When you do a little happy dance because you've got good news, have you lost control? When you laugh loudly and freely at a joke with your friend do you feel bad for expressing yourself? When you say "wow, look at that sky!" when you see a beautiful sunset do you apologise for your awe outburst? No.

It's because we are taught to feel uncomfortable displaying certain emotions that we feel this way about crying. Yes, sadness, grief, frustration etc are painful to feel. But they're part of life and totally natural, just like the tears that come with them. Acknowledging a feeling and expressing it is being in control - in an emotionally intelligent and healthy way. Not allowing our tears is control in a neurotic, fear based and unhealthy way.

A time and a place

Sometimes we can't help but burst into tears for whatever reason, and other times we feel the tears coming but don't feel safe enough in our environment for whatever reason to cry then and there. That's OK. Whilst bottling things up is not a good long term strategy, in the short term e.g. until you get home/to your therapy appointment/see your friend or partner it can be the right choice for you. Sometimes we need a prompt like talking about the thing that upset us or watching a sad movie to help get us going and release the tears (here's a list of tearjerker films if you need to do this!).

Smash the patriarchy

I had to include this. Our fear of crying is a symptom of patriarchal bullshit. It literally kills men (who have more societal conditioning around not crying) and harms women - suicide is the biggest killer of men under 45 in the UK. If we didn't have such stigma around expressing emotions this would not be the case.
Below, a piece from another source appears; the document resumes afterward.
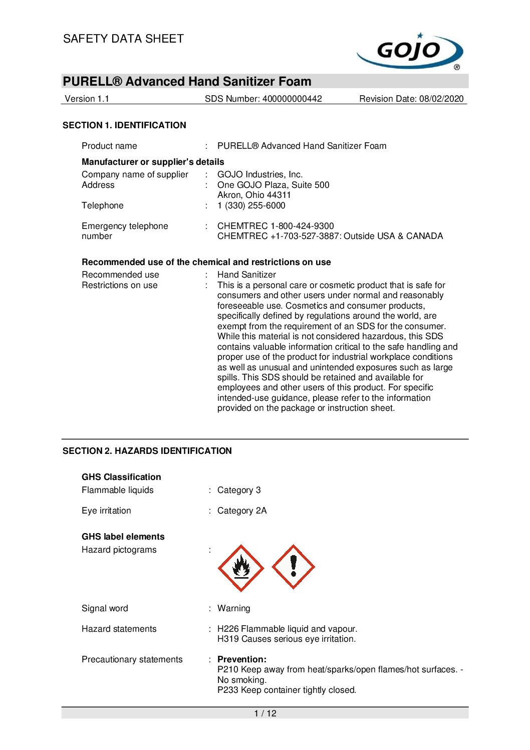 Global Product Type | Hand Sanitizer Refills, Moisturizing Foam |

Look, that fact has just upset Obama! We can't have that ;)

The more we all hide or supress our tears the more we perpetuate the message - and the suffering that comes with it - that crying is 'weak' and 'bad'. Uncomfortable though it is to do things differently and to go against the status quo it's sometimes very necessary and ultimately quite empowering.

So, if you've experienced some tough times (who hasn't!) and not let it all out, take this as your permission to have a good cry. You'll feel better for it.